Bug 481227

Summary: multipath.conf: polling_interval is misleading in the docs
Product: Red Hat Enterprise Linux 5 Reporter: Shane Bradley <sbradley>
Component: device-mapper-multipathAssignee: Ben Marzinski <bmarzins>
Status: CLOSED ERRATA QA Contact: Cluster QE <mspqa-list>
Severity: medium Docs Contact:
Priority: low    
Version: 5.3CC: agk, bmarzins, bmr, christophe.varoqui, cward, dwysocha, edamato, egoggin, heinzm, junichi.nomura, kueda, lmb, mbroz, prockai, sghosh, tao, tranlan
Target Milestone: rcKeywords: Documentation, FutureFeature
Target Release: ---   
Hardware: All   
OS: Linux   
Whiteboard:
Fixed In Version: Doc Type: Enhancement
Doc Text:
Story Points: ---
Clone Of: Environment:
Last Closed: 2009-09-02 11:48:15 UTC Type: ---
Regression: --- Mount Type: ---
Documentation: --- CRM:
Verified Versions: Category: ---
oVirt Team: --- RHEL 7.3 requirements from Atomic Host:
Cloudforms Team: --- Target Upstream Version:
Embargoed:
Attachments:
Description Flags
patch to update docs on polling_interval none

Description Shane Bradley 2009-01-22 21:27:07 UTC
User-Agent:       Mozilla/5.0 (X11; U; Linux i686; en-US; rv:1.9.0.5) Gecko/2008121622 Fedora/3.0.5-1.fc10 Firefox/3.0.5

After reviewing the code and doing some testing I have noticed that
polling_interval did not work as expected. I had reviewed the
description of the option for multipath.conf and it conflicted with
the results that I had got

testing device-mapper-multipath on RHEL4/RHEL5.

$ cat /usr/share/doc/device-mapper-multipath-0.4.7/multipath.conf.annotated
#       # name    : polling_interval
#       # scope   : multipathd
#       # desc    : interval between two path checks in seconds
#       # default : 5
#       #
#       polling_interval 10

---------

The behaviour that I had expected based on the option's description above:
check path 1
wait polling_interval
check path 2
wait polling_interval
check path 1
wait polling_interval
check path 2
wait polling_interval

However after testing the results that I got was(with multipathd -v4):
example:
check path 1
check path 2
wait polling_interval
check path 1
check path 2
wait polling_interval

---------

The behaviour I seen in RHEL4 and RHEL5 was working as design after
reviewing the code and talking to a couple engineers.
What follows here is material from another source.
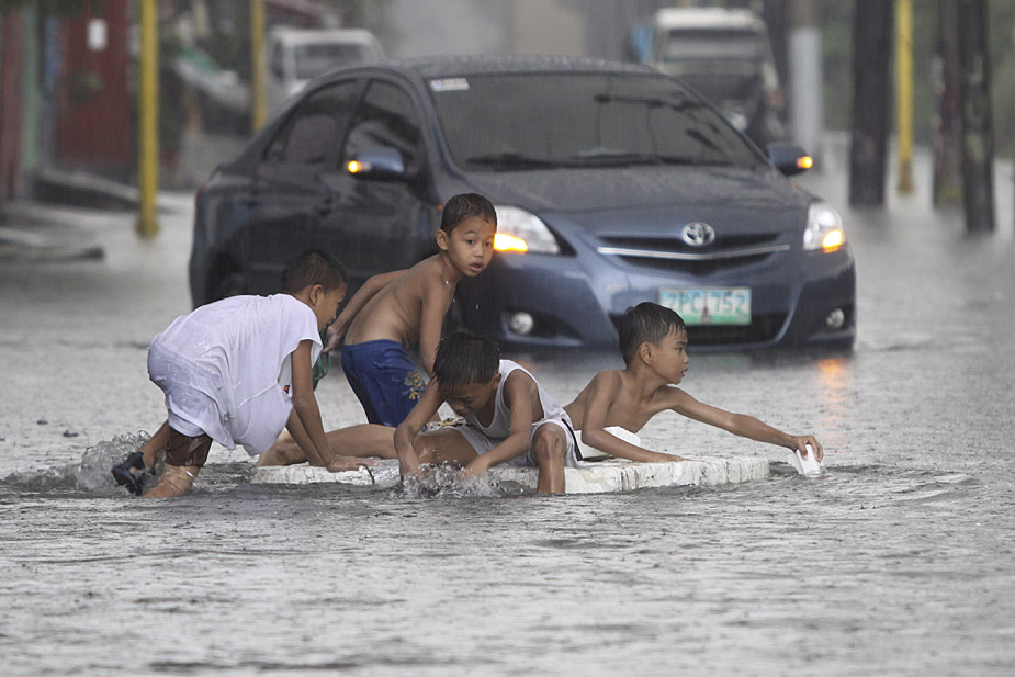 7月16日,一場熱帶風暴當天襲擊了菲律賓首都馬尼拉。這場風暴不但帶來大量降水,也使城市大量積水,出行困難。

The problem it seems is how I was reading the description of the
option. Most users read the word path as being "path" to a multipath
device and not path as in all possible paths to all possible mpaths.

From my results in testing and talking with some engineers the
"polling_interval" option actually means:

"The interval between checking all possible paths for all multipath
paths"

I believe the man page and sample config files need to be updated to
reflect a more accurate and simpler description.


Reproducible: Always

Steps to Reproduce:
None
Actual Results:  
None

Expected Results:  
None

Comment 1 Shane Bradley 2009-01-29 16:53:27 UTC
Thread with patch attached:
https://www.redhat.com/archives/dm-devel/2009-January/msg00197.html

Comment 2 Shane Bradley 2009-01-29 16:54:17 UTC
Created attachment 330376 [details]
patch to update docs on polling_interval

Comment 3 Ben Marzinski 2009-05-05 18:50:07 UTC
I can see how the original wording could confuse a person, however the wording in you attachment is not correct.  multipathd doesn't always check all the paths every polling interval.   A path is checked every polling_interval seconds after it was added.  If paths were added at different times, they may not be checked at the same time.  Also, If a path is usable, the time between path checks will gradually increase to (4 * polling_interval).  This is because it is much more important to recover a failed path, than it is to preemptively fail an active path.  If any IO attempts to use a path that is broken, but marked active, the kernel will automatically switch the path to a failed state.  However the kernel is not able to try a failed path until multipathd has marked it as active again (well, that is not completely true, but it's close enough).  This change in actual time between checks is yet another reason why different paths won't always be checked at the same time. Here is the change I made. Let me know if you think it is still problematic

Index: multipath-tools-rhel5_4/multipath.conf.annotated
===================================================================
--- multipath-tools-rhel5_4.orig/multipath.conf.annotated
+++ multipath-tools-rhel5_4/multipath.conf.annotated
@@ -28,7 +28,9 @@
 #      #
 #      # name    : polling_interval
 #      # scope   : multipathd
-#      # desc    : interval between two path checks in seconds
+#      # desc    : How often a path's state is checked, in seconds.  For
+#      #           paths that are usable, the time between checks will
+#      #           gradually increase to (4 * polling_interval).
 #      # default : 5
 #      #
 #      polling_interval 10

Comment 5 Chris Ward 2009-07-03 18:21:49 UTC
~~ Attention - RHEL 5.4 Beta Released! ~~

RHEL 5.4 Beta has been released! There should be a fix present in the Beta release that addresses this particular request. Please test and report back results here, at your earliest convenience. RHEL 5.4 General Availability release is just around the corner!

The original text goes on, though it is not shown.